As the field of LLM unlearning evolves, benchmarks for measuring its effectiveness are starting to proliferate. Researchers can now test a model’s capacity for selective amnesia on corpuses with names like Weapons of Mass Destruction Proxy (WMDP), for unlearning dangerous information like instructions for building a bomb, and Enron Email Dataset, for unlearning information about how to commit fraud.
Microsoft tested one of its unlearning algorithms by measuring how well it could forget copyrighted Harry Potter books. But one complicating factor was the many articles and social media posts that mention Harry Potter but aren’t protected by IP laws. Should that information also be erased?
Measuring an LLM’s ability to forget undesirable data is not an exact science. Researchers are trying to resolve several fundamental challenges in addition to defining what information, exactly, to unlearn.
Many models are trained on billions to trillions of tokenized words. How do you verify that your unlearning algorithm caught every last instance? Different data types may also require different verification techniques. One way of testing whether copyrighted material may have slipped into an LLM’s training data, for example, is to run what’s called a membership inference attack to see if it will divulge details it shouldn’t have. Researchers are developing other red teaming methods to check that unwanted data was actually unlearned.

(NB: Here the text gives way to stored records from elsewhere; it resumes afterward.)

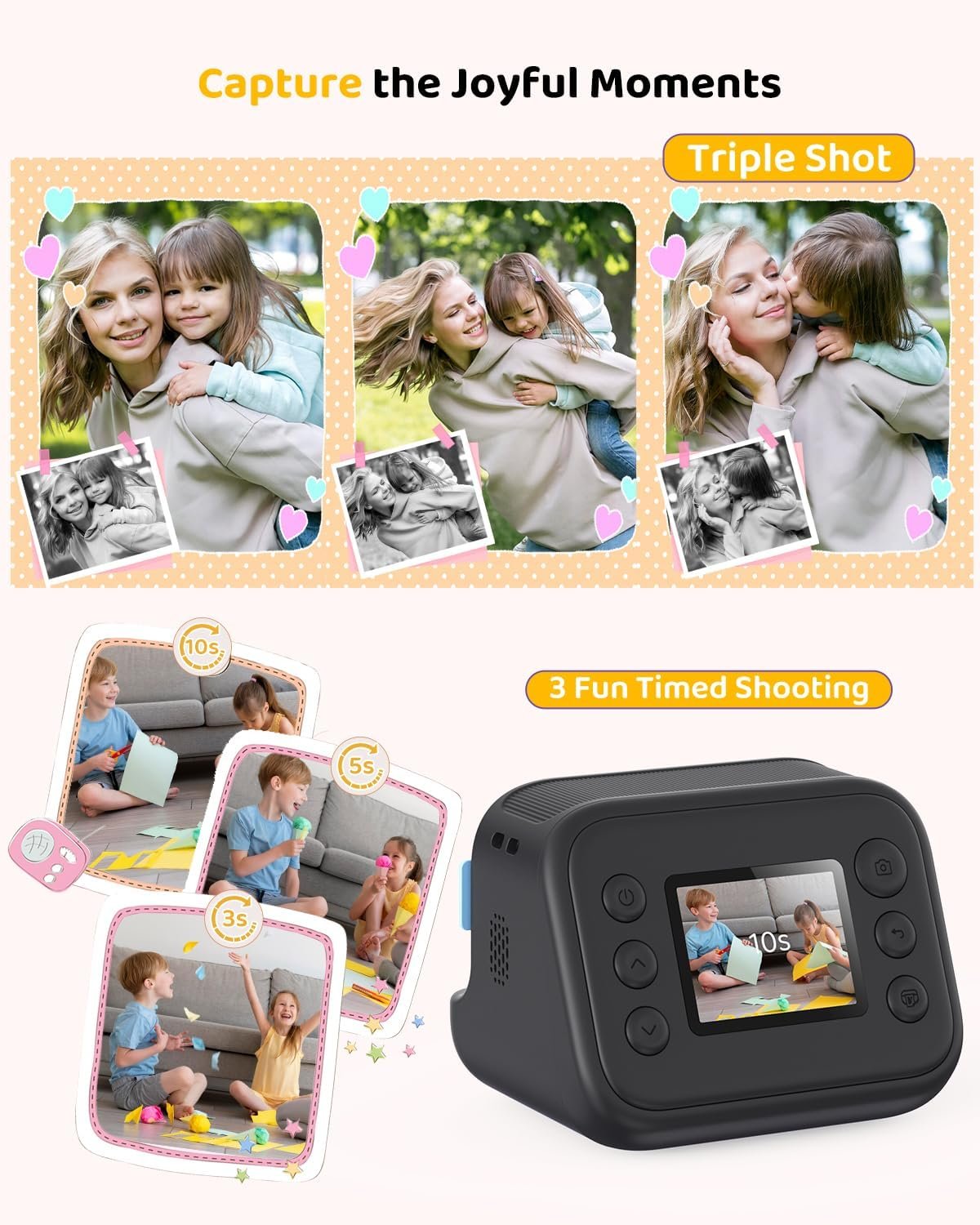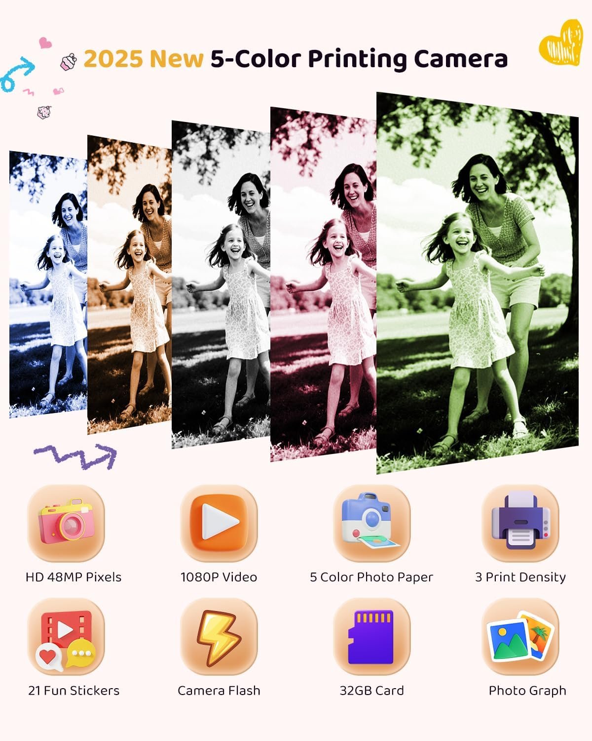 Color Instant Printing: Prints photos in blue, green, red, orange, and black and white using safe thermal technology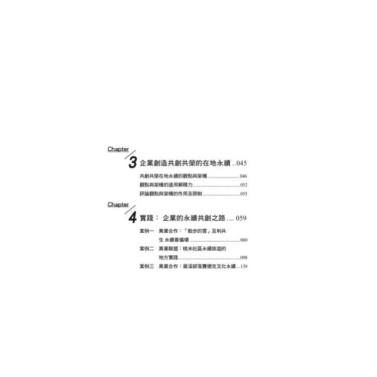 書內也闡述了企業在發展共創共榮、在地永續的觀點與架構,並說明在地永續的觀點與架構的適用解釋力,以及觀點與架構所面臨的作用及限制。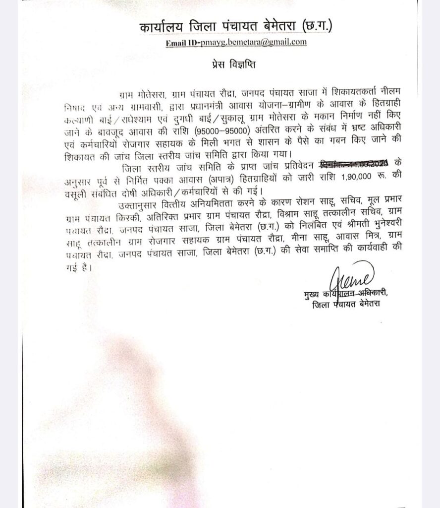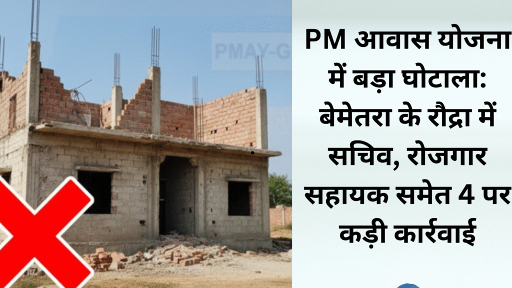 PM आवास योजना में बड़ा घोटाला: बेमेतरा के रौद्रा में सचिव, रोजगार सहायक समेत 4 पर कड़ी कार्रवाई

Identifying concepts the model may have lost in the process of unlearning individual data points is another focus of research. How do you identify and measure lost knowledge that can hurt the model’s performance on the tasks you care about most? You don’t want your model to recite lines from Harry Potter, but you may want it to know why quidditch is now played on college campuses. You might also want your model to know that a product exists without revealing its secret formula.
IBM is experimenting with ways of applying unlearning to its Granite family of LLMs. Data filters do a great job at removing unwanted data during pre-training and alignment, but problematic content still slips through. “Unlearning could be another way to remove unwanted behavior,” said Kush Varshney, an IBM fellow who leads IBM’s AI-safety efforts and co-authored the review paper.
Today, many LLMs, including IBM’s open-source Granite models, come with fact sheets describing everything they learned during training. In the future, their permanent record might also include a list of everything they have forgotten.